Emilia Oikarinen

Minimum-Width Confidence Bands via Constraint Optimization

VCLA hosted a talk by Emilia Oikarinen

DATE:Friday, September 29, 2017
TIME:10:00 c.t.
VENUE:Seminar Room Gödel, Favoritenstrasse 9-11, Ground Floor, (HB EG 10)

ABSTRACT

Confidence intervals are a popular way to visualize and analyze data distributions.

Unlike p-values, they can convey information both about statistical significance as well as effect size. However, only little work exists on applying confidence intervals to multivariate data. In this talk we define confidence intervals for multivariate data, in terms of minimum-width confidence band problem (MWCB), that extend the one-dimensional definition in a natural way and discuss drawbacks of earlier formalizations. Furthermore, we show that the problem of finding multivariate confidence intervals is NP-hard.

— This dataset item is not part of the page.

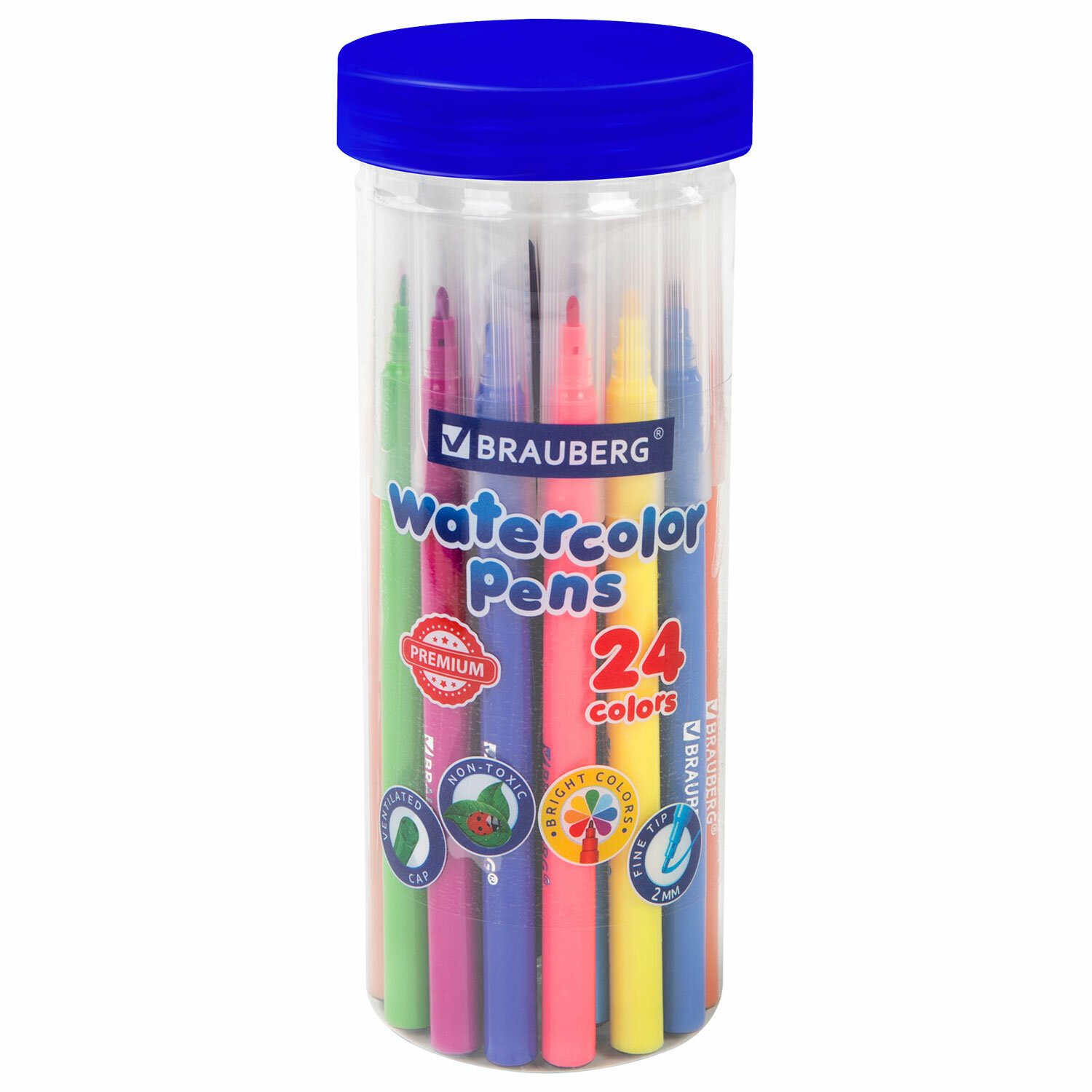 Фломастеры BRAUBERG "PREMIUM", 24 цвета, КОРПУС С ПЕЧАТЬЮ, вентилируемый колпачок, ПВХ-упаковка с европодвесом, 151944

The use of constraint optimization has recently proven to be a  successful approach to providing solutions to various NP-hard search and optimization problems in data analysis. Here we extend the use of constraint optimization systems further to the MWCB problem. We present constraint models for the MWCB problem in terms of mixed integer programming and maximum satisfiability, as well as a greedy heuristic approach. Furthermore, we empirically evaluate the scalability of the constraint optimization approaches and solution quality compared to the greedy approach on real-world datasets.

Joint work with Jeremias Berg, Matti Järvisalo, Jussi Korpela, Kai Puolamäki, and Antti Ukkonen.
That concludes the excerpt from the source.